Pursuant to Title 11, Chapter 841 of the Health and Safety Code (the SVP statute), the State of Texas filed a petition to civilly commit Donald Larkin as a sexually violent predator.   See Tex. Health & Safety Code Ann. §§ 841.001-841.50 (Vernon 2003 & Supp.2004).   The trial court found that Larkin suffers from a behavioral abnormality that makes him likely to engage in a predatory act of sexual violence and entered a final judgment and order of civil commitment.   Larkin appeals presenting six issues.

In his first issue, Larkin argues the SVP statute is unconstitutional because it is punitive in nature and violates basic constitutional safeguards.   As recognized in Larkin's brief, this court has repeatedly held the SVP statute is not punitive.   See In re Commitment of Morales, 98 S.W.3d 288 (Tex.App.-Beaumont 2002, pet. denied);  In re Commitment of Mullens, 92 S.W.3d 881(Tex. App.-Beaumont 2003, pet. denied);  and Beasley v. Molett, 95 S.W.3d 590 (Tex.App.-Beaumont 2002, pet. denied), and the Texas Supreme Court has not written on this issue.1  Issue one is overruled.

Issue two claims that requiring Larkin to submit to polygraph examinations violates the Fifth Amendment privilege against self-incrimination.   See U.S. Const. amend.   V. As conceded by Larkin, we have previously decided this issue adversely to him and discern no reason to revisit our decision.   See Beasley, 95 S.W.3d at 609-10;  Mullens, 92 S.W.3d at 888.   Issue two is overruled.

Larkin's third issue contends the SVP statute is unconstitutionally vague and violates the separation of powers doctrine.   As admitted in Larkin's brief, this court has held otherwise.   See Morales, 98 S.W.3d at 291;  Mullens, 92 S.W.3d at 887-88.   The Texas Supreme Court has not written on this issue.   Issue three is overruled.

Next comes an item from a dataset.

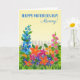 A very pretty Mother's Day card for your mummy, with a brightly coloured flower bed, made from a hand-painted paper collage. The flowers are tall and small, red, pink, orange and shades of blue, with a white picket fence behind them, against a sunshiny yellow background. The front cover greeting in deep blue lettering, is 'HAPPY MOTHER'S DAY to a very special Mummy!' The inside message is just a suggestion and you can easily change or delete it if you wish.

 In issue four, Larkin challenges the trial court's decision to strike his pleadings and order he be civilly committed via a default judgment.   The State moved for Rule 215.2 sanctions and requested the trial court strike Larkin's pleadings and prohibit him from presenting any evidence.   See Tex.R. Civ. P. 215.2.   However, on appeal the State ostensibly concedes error when it asserts “[t]he State has limited opposition to issue four.   Consequently, issues five and six are moot.” 2  The State offers no argument or authority in support of the trial court's action.

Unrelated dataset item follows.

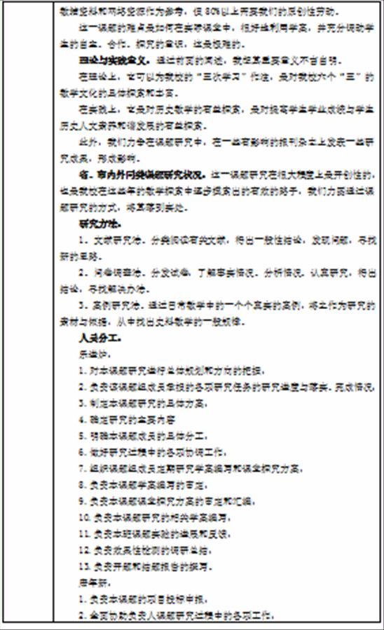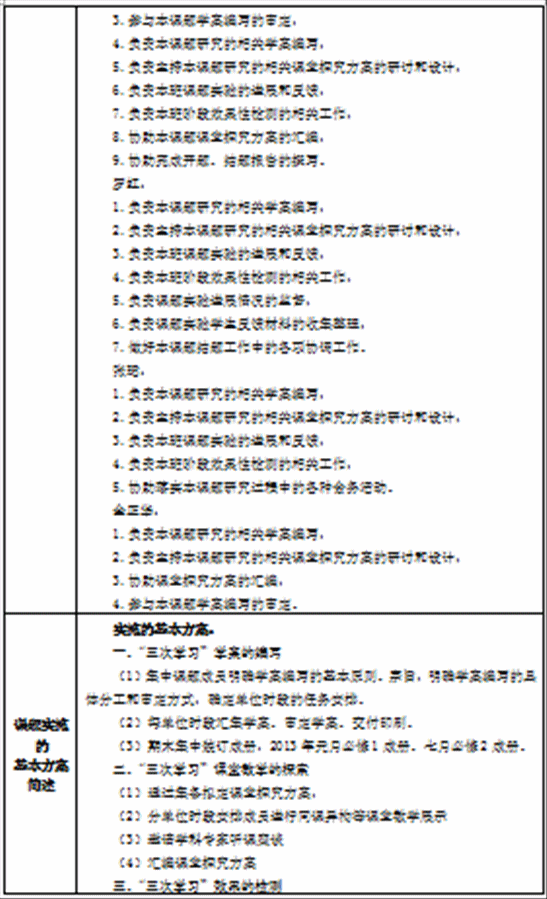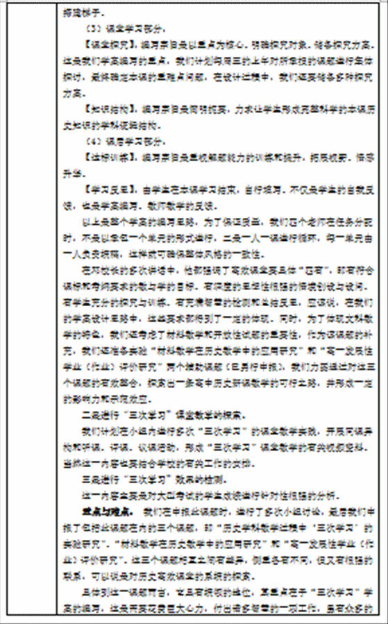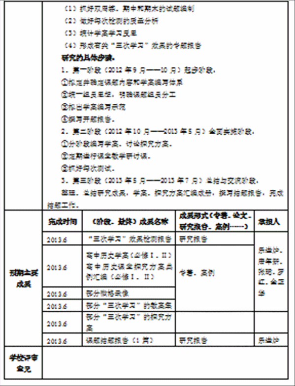 為此,此次課題申報我們準備研究三個課題,即“歷史學科教學過程中‘三次學習’的實驗研究”(詳見附件3)、“材料教學在歷史教學中的應用研究”和“高一發展性學業(作業)評價研究”。這三個課題相互之間有差異,側重各有不同,但又有很強的聯系,可以說是對歷史高效課堂的系統的探索。

 In accordance with TransAmerican Natural Gas Corp. v. Powell, 811 S.W.2d 913, 917-18 (Tex.1991) (orig.proceeding), there must be a direct relationship between the offensive conduct and the sanction imposed, and the sanctions must not be excessive.   To avoid being excessive, a trial court must first test the effectiveness of lesser sanctions before entering death penalty sanctions.   See In re Polaris Indus., Inc., 65 S.W.3d 746, 751 (Tex.App.-Beaumont 2001, orig. proceeding).   Additionally, constitutional due process precludes imposing sanctions that determine the merits of a case unless the discovery abuse justifies a legal presumption that the disobedient party's claims or defenses lack merit.  Id.

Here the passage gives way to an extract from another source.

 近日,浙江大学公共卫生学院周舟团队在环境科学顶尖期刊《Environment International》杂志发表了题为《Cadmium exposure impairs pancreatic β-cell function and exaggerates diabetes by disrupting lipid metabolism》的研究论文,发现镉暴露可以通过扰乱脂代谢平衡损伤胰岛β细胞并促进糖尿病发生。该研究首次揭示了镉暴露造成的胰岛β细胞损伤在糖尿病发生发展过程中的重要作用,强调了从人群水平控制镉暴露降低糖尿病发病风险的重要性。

We find no basis to justify a legal presumption of lack of merit of Larkin's defense.   We further find no evidence of prejudice caused the petitioner that cannot be or has not been remedied.   Also, we are unaware of any effort by the trial court to first test lesser sanctions.   See id. at 751-52 (citing Hamill v. Level, 917 S.W.2d 15, 16 (Tex.1996);  TransAmerican, 811 S.W.2d at 918;  and Chrysler Corp. v. Blackmon, 841 S.W.2d 844, 849-50 (Tex.1992)).   Accordingly, we find the requirements for imposing death penalty sanctions were not present.   Issue four is sustained.

We therefore do not address issues five and six.   The judgment of the trial court is reversed and the cause remanded for further proceedings consistent with this opinion.



1.   However, since the writing of Larkin's brief, the Texas Supreme Court has denied petition on these cases.

2.   Issues five and six similarly challenge the correctness of the trial court's action.